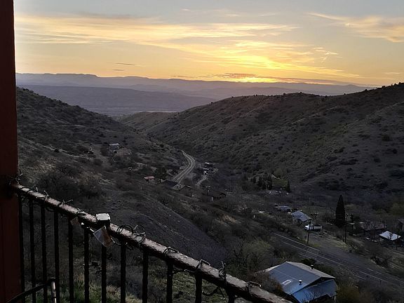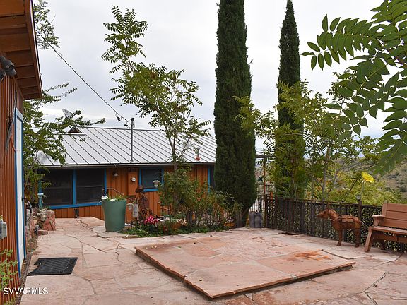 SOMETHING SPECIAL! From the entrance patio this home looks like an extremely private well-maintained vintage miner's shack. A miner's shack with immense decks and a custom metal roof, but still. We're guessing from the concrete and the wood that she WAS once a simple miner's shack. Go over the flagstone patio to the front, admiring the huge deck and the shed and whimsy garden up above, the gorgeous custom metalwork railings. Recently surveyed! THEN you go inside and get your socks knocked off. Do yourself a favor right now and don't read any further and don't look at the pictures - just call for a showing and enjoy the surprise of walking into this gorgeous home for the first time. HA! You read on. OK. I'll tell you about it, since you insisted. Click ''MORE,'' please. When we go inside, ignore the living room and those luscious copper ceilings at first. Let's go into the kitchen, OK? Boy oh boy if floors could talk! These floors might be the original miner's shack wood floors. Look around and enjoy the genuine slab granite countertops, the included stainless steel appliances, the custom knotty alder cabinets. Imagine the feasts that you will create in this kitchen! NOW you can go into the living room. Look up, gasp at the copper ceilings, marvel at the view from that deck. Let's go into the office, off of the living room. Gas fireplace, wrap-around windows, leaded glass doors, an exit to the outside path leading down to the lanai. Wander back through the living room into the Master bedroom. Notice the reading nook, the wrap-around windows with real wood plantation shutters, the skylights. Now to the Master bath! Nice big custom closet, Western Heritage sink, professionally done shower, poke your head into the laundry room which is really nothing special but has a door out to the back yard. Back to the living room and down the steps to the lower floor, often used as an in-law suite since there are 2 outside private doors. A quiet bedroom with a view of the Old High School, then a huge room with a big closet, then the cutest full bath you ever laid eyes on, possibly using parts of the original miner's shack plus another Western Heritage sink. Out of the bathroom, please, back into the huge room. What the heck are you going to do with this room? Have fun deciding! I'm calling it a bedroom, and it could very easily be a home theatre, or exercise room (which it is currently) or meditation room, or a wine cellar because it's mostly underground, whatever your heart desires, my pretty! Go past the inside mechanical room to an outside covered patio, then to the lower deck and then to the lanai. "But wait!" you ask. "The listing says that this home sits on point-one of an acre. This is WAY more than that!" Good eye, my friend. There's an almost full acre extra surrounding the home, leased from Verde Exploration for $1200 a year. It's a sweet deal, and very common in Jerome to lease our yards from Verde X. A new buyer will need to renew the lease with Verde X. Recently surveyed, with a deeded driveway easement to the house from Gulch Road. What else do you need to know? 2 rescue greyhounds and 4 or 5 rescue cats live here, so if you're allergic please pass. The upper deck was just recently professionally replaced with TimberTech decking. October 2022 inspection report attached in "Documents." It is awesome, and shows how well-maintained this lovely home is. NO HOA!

...

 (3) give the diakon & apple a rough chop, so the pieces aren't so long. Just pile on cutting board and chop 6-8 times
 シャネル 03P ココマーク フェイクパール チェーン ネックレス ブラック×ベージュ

» **Exercise aim**: Out of the data above, give again only the lines starting at the one holding "(3) give the" and ending at the one holding "シャネル 03P ココマーク フェイクパール チェーン ネックレス ブラック×ベージュ", unchanged.

» **Problem solution**:
 (3) give the diakon & apple a rough chop, so the pieces aren't so long. Just pile on cutting board and chop 6-8 times
 シャネル 03P ココマーク フェイクパール チェーン ネックレス ブラック×ベージュ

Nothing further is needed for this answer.